Başakşehir Çam ve Sakura Kent Hastanesi’nden Enfeksiyon Hastalıkları ve Klinik Mikrobiyoloji Uzmanı Prof. Dr. Hasret Altuntaş Aydın, “Türkiye’de HIV az ve yanlış biliniyor. Bu virüsün, nasıl bulaştığı, tedavisinin olduğu, nizamlı tedavi yardımıyla bulaşmasının önlenebileceği ve ayrıyeten HIV ile yaşayanlarda tesirli tedaviler ile virüs bastırıldığında bu bireylerin hayatlarını sağlıklı biçimde sürdürebildiklerinin ve çalışabildiklerinin toplum tarafınca bilinmesi önemlidir” dedi.
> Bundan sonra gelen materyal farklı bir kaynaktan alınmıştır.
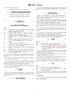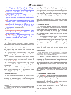SIGNIFICANCE AND USE 5.1 This practice discusses applicable ASTM test methods used in the determination of the VOC content of paints and related coatings and provides equations for calculating the VOC content expressed as the mass of VOC: (1) per unit volume of coating less water and exempt volatile compounds, and (2) per unit volume of coating solids and (3) per unit mass of coating solids. 5.2 Volatile organic compound content is used to compare the amount of VOC released from different coatings used for the same application, that is, to coat the same area to the same dry film thickness (assuming the same application efficiency). 5.3 VOC content data are required by various regulatory agencies. 5.4 Only the expression of VOC content as a function of the volume of coating solids gives a linear measure of the difference in VOC released from different coatings used for the same application. Note 4: Thus assuming the same transfer efficiency, a coating with VOC content of 3 lb of VOC/gal of solids would release 1/2 the VOC that would a coating with 6 lb of VOC/gal of solids. 5.5 When VOC content is expressed as a function of the volume of coating less water and exempt solvents, the values obtained do not account for differences in the volume solids content of the coatings being compared: this expression, therefore, does not provide a linear measure of the difference in VOC emitted from different coatings used for the same application. Note 5: Thus, a coating with VOC content of 3 lb of VOC/gal less water and exempt volatile compounds would release about 85 % less VOC than a coating with 6 lb of VOC/gal less water and exempt volatile compounds. SCOPE 1.1 This practice measures the volatile organic compound (VOC) content of solventborne and waterborne paints and related coatings as determined from the quantity of material released from a sample under specified bake conditions and subtracting exempt volatile compounds and water if present. Note 1: The regulatory definition, under the control of the U.S. EPA, can change. To ensure currency, contact the local air pollution control agency. 1.2 This practice provides a guide to the selection of appropriate ASTM test methods for the determination of VOC content. 1.3 Certain organic compounds that may be released under the specified bake conditions are not counted toward coating VOC content because they do not participate appreciably in atmospheric photochemical reactions. Such negligibly photochemically reactive compounds are referred to, as exempt volatile compounds in this practice. Note 2: Information on the US EPA definition of VOC and a list of the current US EPA approved exempt volatile compounds which have been used in coatings, are provided in Appendix X3. 1.4 VOC content is calculated as a function of (1) the volume of coating less water and exempt volatile compounds, and (2) the volume of coating solids, and (3) the weight of coating solids. 1.5 The values stated in SI units are to be regarded as standard. 1.6 This standard does not purport to address all of the safety concerns, if any, associated with its use. It is the responsibility of the user of this standard to establish appropriate safety, health, and environmental practices and determine the applicability of regulatory limitations prior to use. 1.7 This international standard was developed in accordance with internationally recognized principles on standardization established in the Decision on Principles for the Development of International Standards, Guides and Recommendations issued by the World Trade Organization Technical Barriers to Trade (TBT) Committee.
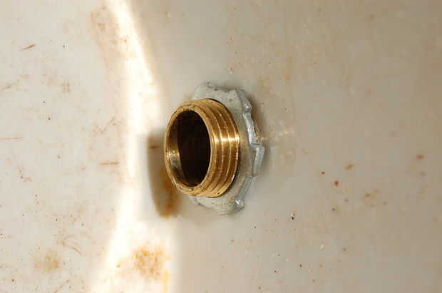 En este punto, el pico debe ser firmemente en su lugar, pero dado que esto va a ser movido alrededor de algún refuerzo adicional se recomienda. En el interior de la cubeta colocar la contratuerca conduit en la manguera y apriete.
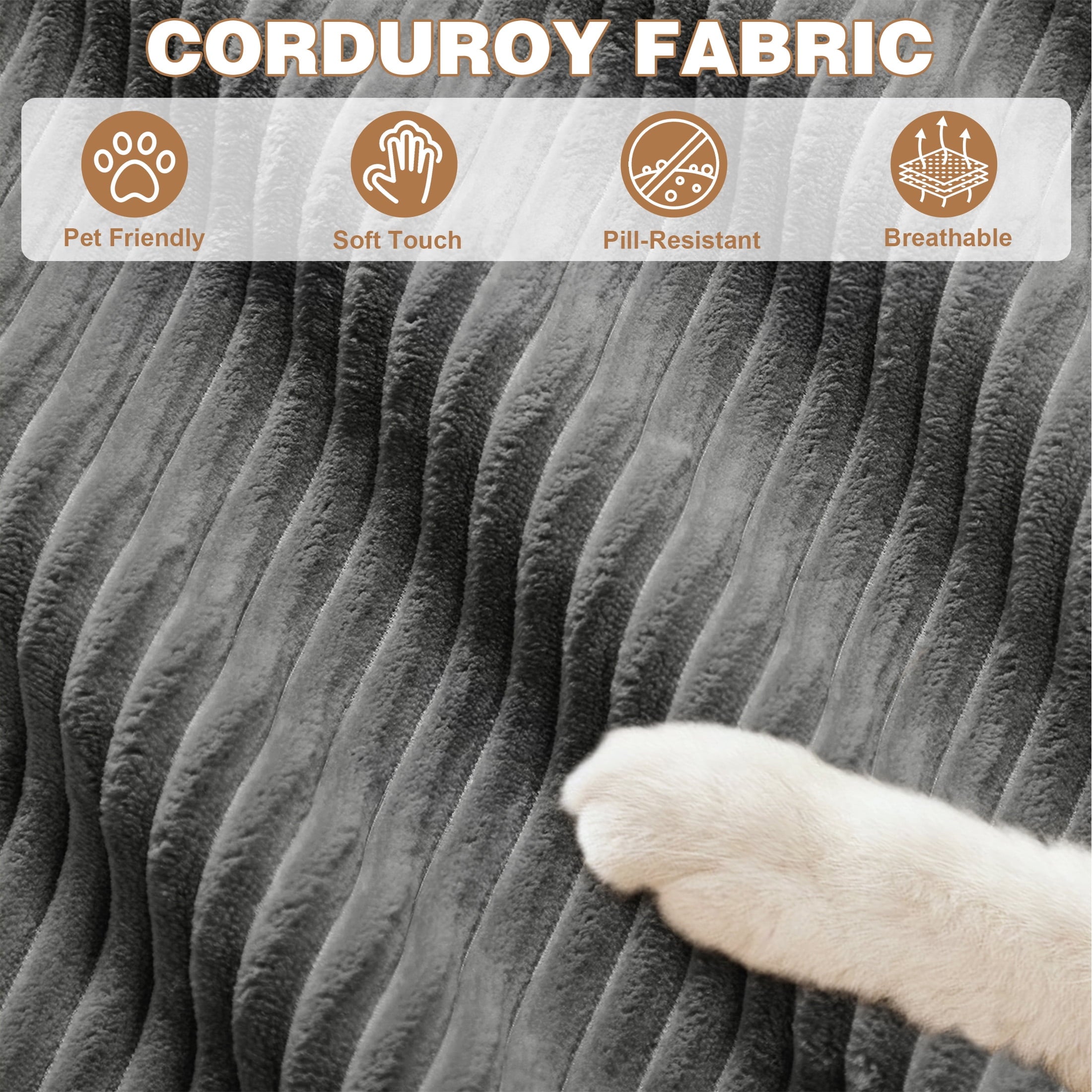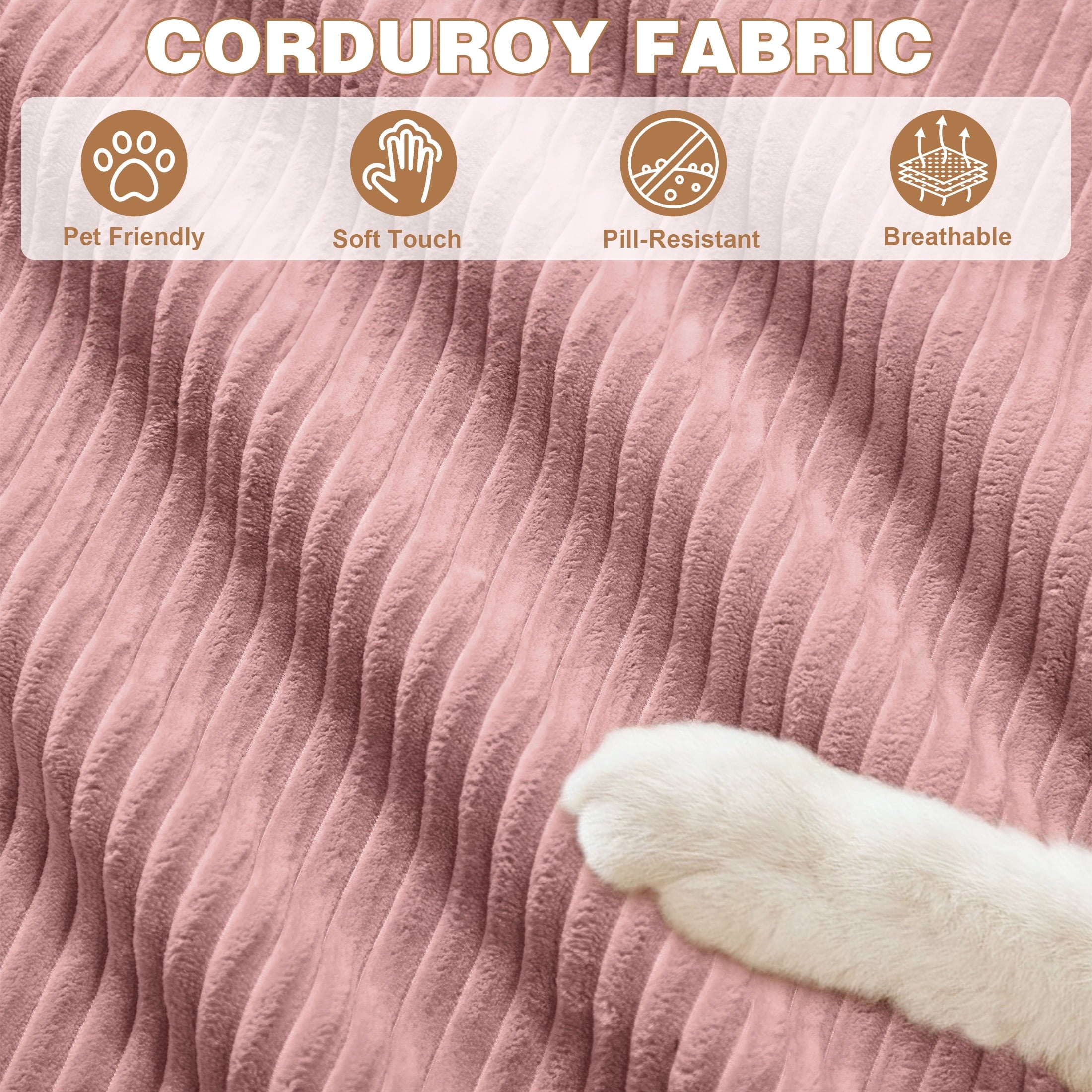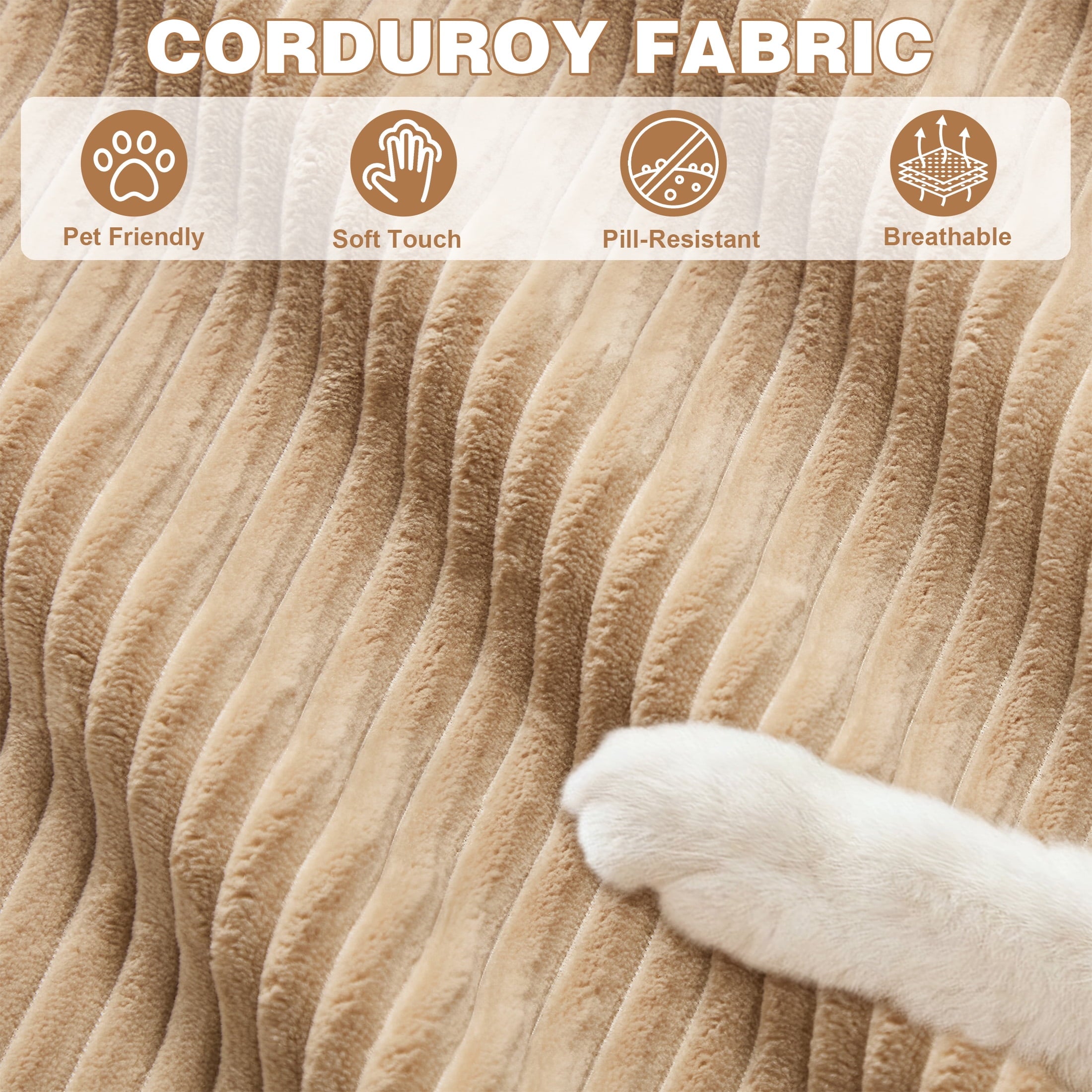 ✅ Durable Corduroy — Soft ribbed fabric resists pet claws, stains, and wear.

HIV ile ortak uğraşta beraberlik adımı
görüşmede konuşma yapan Gilead Türkiye Medikal Yöneticisi Dr. Serhan Sevgi, HIV ile ilgili toplumsal önyargıların kırılmasının ve sıhhat kuruluşları dahil tüm paydaşların gerekli bilgi ve bilince sahip olmasının HIV ile çabada büyük değer taşıdığını vurgu yaparak kelamlarına şöyleki devam etti: “Dünyanın en yıkıcı hastalıklarına karşı gayretimizde bahadır adımlar atıyor ve dünyayı tüm insanlık için daha sağlıklı bir yer haline getirme hedefimizle hareket ediyoruz. 1 Aralık Dünya AIDS Günü’nün, HIV’in önündeki manilere meydan okumak, HIV’in artık yönetilebilir kronik bir hastalığa dönüştüğüne dair algıyı artırmak ve halk sıhhati yetkilileri, toplum savunucuları, araştırmacılar ve sıhhat hizmeti sağlayıcıları ile çalışmak için global bir fırsat olduğuna inanıyoruz. Paydaşlarımızla güçlerimizi birleştirerek mümkün olan en çok sayıda bireye ulaşmayı hedeflediğimiz “Tek Ses” projesi kapsamında bu ortak davete 293 sayıda kişi ses vererek takviye oldu. Bugün birinci kere ‘beraber HIV’den kuvvetliyüz’ platformu altında duyurduğumuz “Tek Ses”in olabildiğince hayli şahsa ulaşmasını hedefliyoruz” dedi.
Toplantının sonunda Gilead, Pozitif-iz Derneği, Müspet Hayat Derneği, Kırmızı Şemsiye Derneği ve Türkiye Aile Sıhhati Planlaması Vakfı, HIV’e karşı ortak bir çaba verme yolunda beraberlik adımı attılar. Tüm paydaşlar, bundan daha sonra HIV alanında birlikte daha da kuvvetli yürüyeceklerini ve HIV ile yaşayan bireyler ve yakınlarına takviyelerini artırarak sürdüreceklerini söylemiş olduler ve toplantıyı şu sözlerle bitirdiler: “Değişim yaratmak için bu topluluğun bir modülü olmaktan onur duyuyoruz ve dünyada HIV alanındaki eşitsizlikleri ortadan kaldırmanın yeni yollarını bulmak için var gücümüzle çalışmaya devam ediyoruz.”